2.3. Focus Intensity Dynamics

Focus area reflects the size of a focus in two dimensions, but it does not necessarily reflect the concentration of 53BP1 molecules inside the focus. A value which is proportional to the concentration of fluorescent molecules inside a focus is the pixel intensity [38]. In order to expand the focus area measurements, average pixel intensities within single fluorescent foci were recorded. Due to repeated fluorescent excitation of cells, the intensity of pixels faded with time. This was detected as a linear decrease of the average pixel intensity in control cells from 139.3 arbitrary fluorescent units (AU) at time 0 to 104.6 AU at the 75th minute. In order to take the observed fading into account, the results observed in irradiated cells are presented as fractions of the respective average pixel intensity observed in control cells (Figure 2, panel 1). Cells exposed to mixed beams showed a relatively constant level of pixel intensity. During the first 50 min of recording, the intensity level was higher than in cells exposed to alpha particles and X-rays. However, after ~60 min, foci induced by alpha particles became brighter than those induced by mixed beams, and for the remaining 15 min showed a steadily increasing brightness (Figure 2).

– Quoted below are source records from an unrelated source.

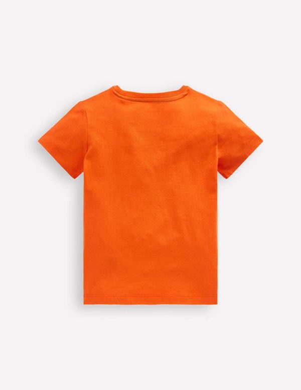 Short sleeves and breathable cotton jersey make this T-shirt a trusty basic. The colourful motifs created with tactile bouclé and embroidery will transport Minis to sunny days.– Base 100% cotton
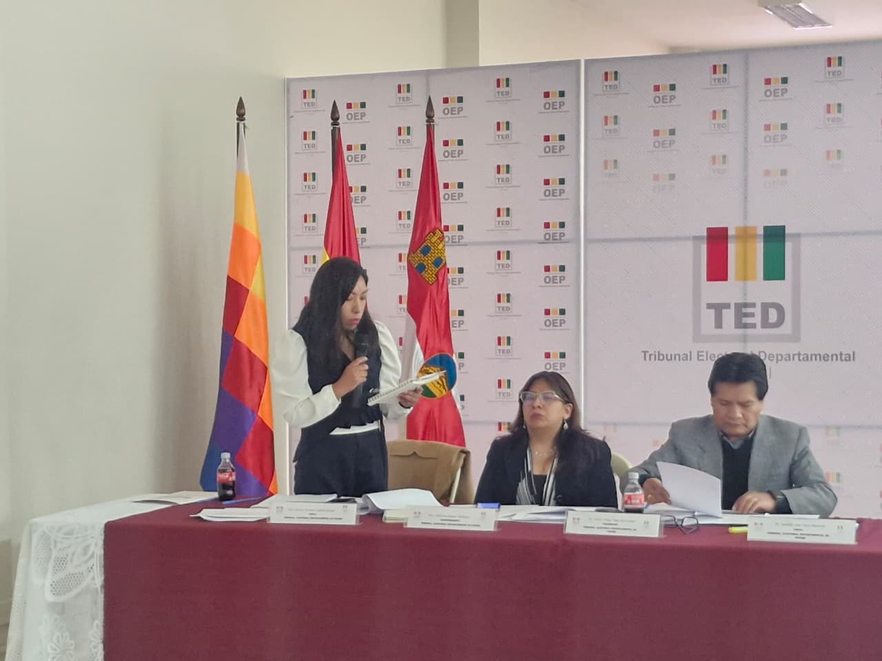 El acto de inauguración fue presidido por el presidente del TED Potosí, Víctor Vega, y contó con la participación de la vicepresidenta de la institución, Patricia Iñiguez; así como de los vocales Karina Condori y Rodolfo Vera.
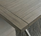 The use of mixed materials on this urban-inspired dining table makes it a true statement piece. Featuring a wood tabletop combined with a sturdy wood and metal base, this rectangular table combines a complex blend of stains and glaze—creating a weathered gray finish for a relaxed and harmonious update to your home.
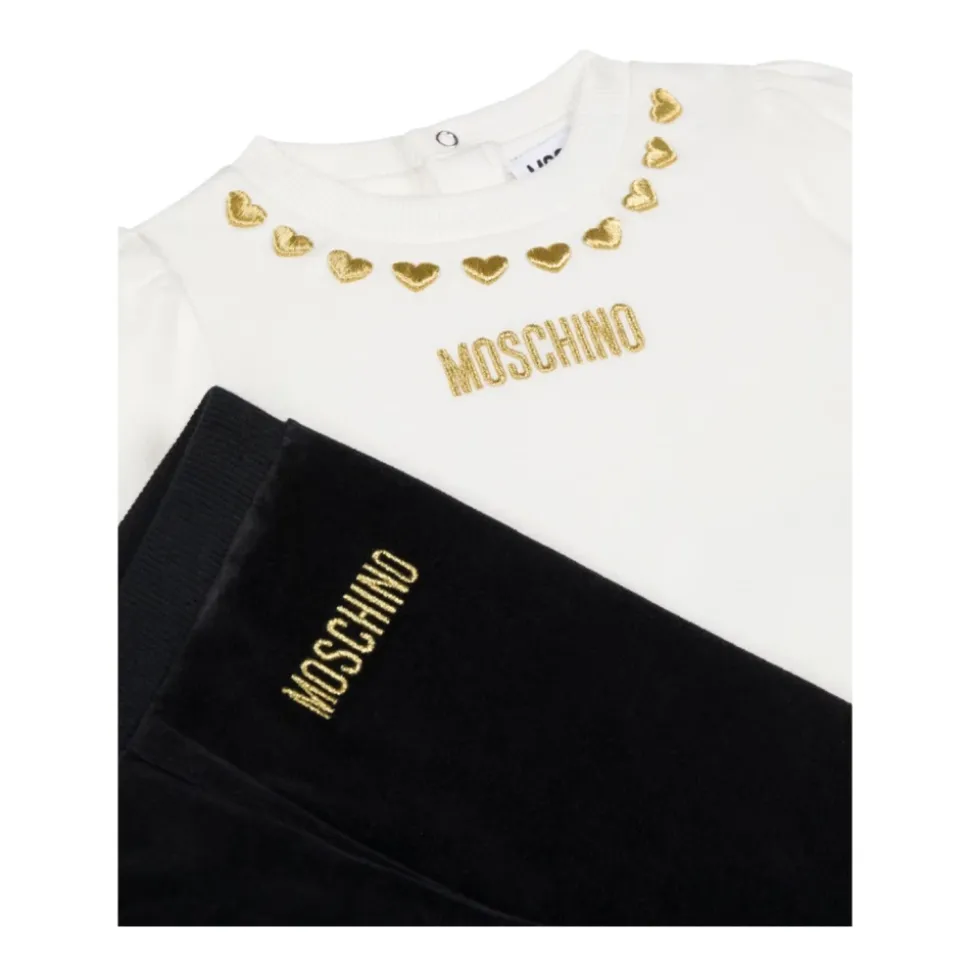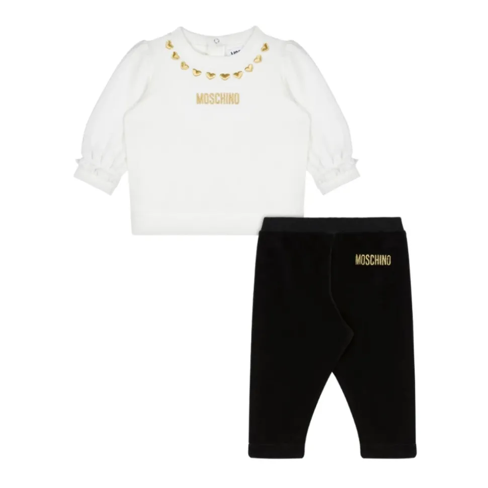 Geef je kleine meid een vleugje stijl en comfort met de Moschino Kids set, gemaakt van zacht katoen fleece. De bijpassende broek heeft een elastische tailleband en elastische enkels voor een veilige en comfortabele pasvorm.

The lowest level of pixel intensity was observed in cells exposed to X-rays. Similarly as for mixed beam exposure, foci induced by X-rays showed a relatively constant level of pixel intensity until minute 50, and became increasingly brighter thereafter. The CV values for alpha particles, X-rays, and mixed beams were, respectively, 0.071, 0.058, and 0.025, substantiating the observation that during the whole observation period, cells exposed to mixed beams showed the lowest variability of pixel intensity.
Next, we analysed the distributions of average, relative pixel intensities per focus. The results are shown in Figure 2, panels 2A–2D, in the form of kernel density estimations. Foci induced by alpha particles showed the broadest and most even distribution of pixel intensities, without any distinct intensity peaks. A gradual shift towards a higher intensity was observed with increasing recording time. Moreover, the maximal intensity increased from ca 2.1 at minute 20, to 2.5 at minute 75. Foci induced by X-rays showed a distinct intensity peak in the range of 0.5–1.0 AU. The peak was gradually reduced, but was still clearly discernible at minute 75. The maximal focus intensity also increased from ca. 1.9 at minute 20 to 2.2 at minute 75. Foci induced by mixed beams showed the most uniform distribution with a double-peaked plateau between ca. 0.6 and 1.5 AU at minute 20. The right peak gradually increased until minute 75, however, the maximal intensity decreased from ca. 2.0 at minute 20, to ca. 1.6 at minute 75. In summary, mixed beam-induced foci showed the lowest degree of variability and dynamics of pixel intensity throughout the observation period.

2.4. Focus Mobility

The identification of individual foci by the image analysis software allowed to follow their mobility on the focal plane of the cell nucleus. The results of the analysis are shown in Figure 3 as mean square displacement (MSD) analysis, along with the values for Dc (diffusion coefficient) and rc (radius of constraint). MSD is the square of the path length, Dc is a measure of focus mobility, and rc is the radius of a sphere within which the focus moved (see Figure 5 for a graphic example of focus movement). Foci in all cell groups showed a typical pattern of random walk in a confined space, as was demonstrated in other cell systems [39]. The treatments can be ranked according to the highest degree of focus movement in the following order: alpha particles > controls > X-rays > mixed beams, revealing a paralyzing effect of mixed irradiation on focus mobility. All Dc and rc values significantly differed from each other (one-way ANOVA), except for Dc for X-rays vs. mixed beams.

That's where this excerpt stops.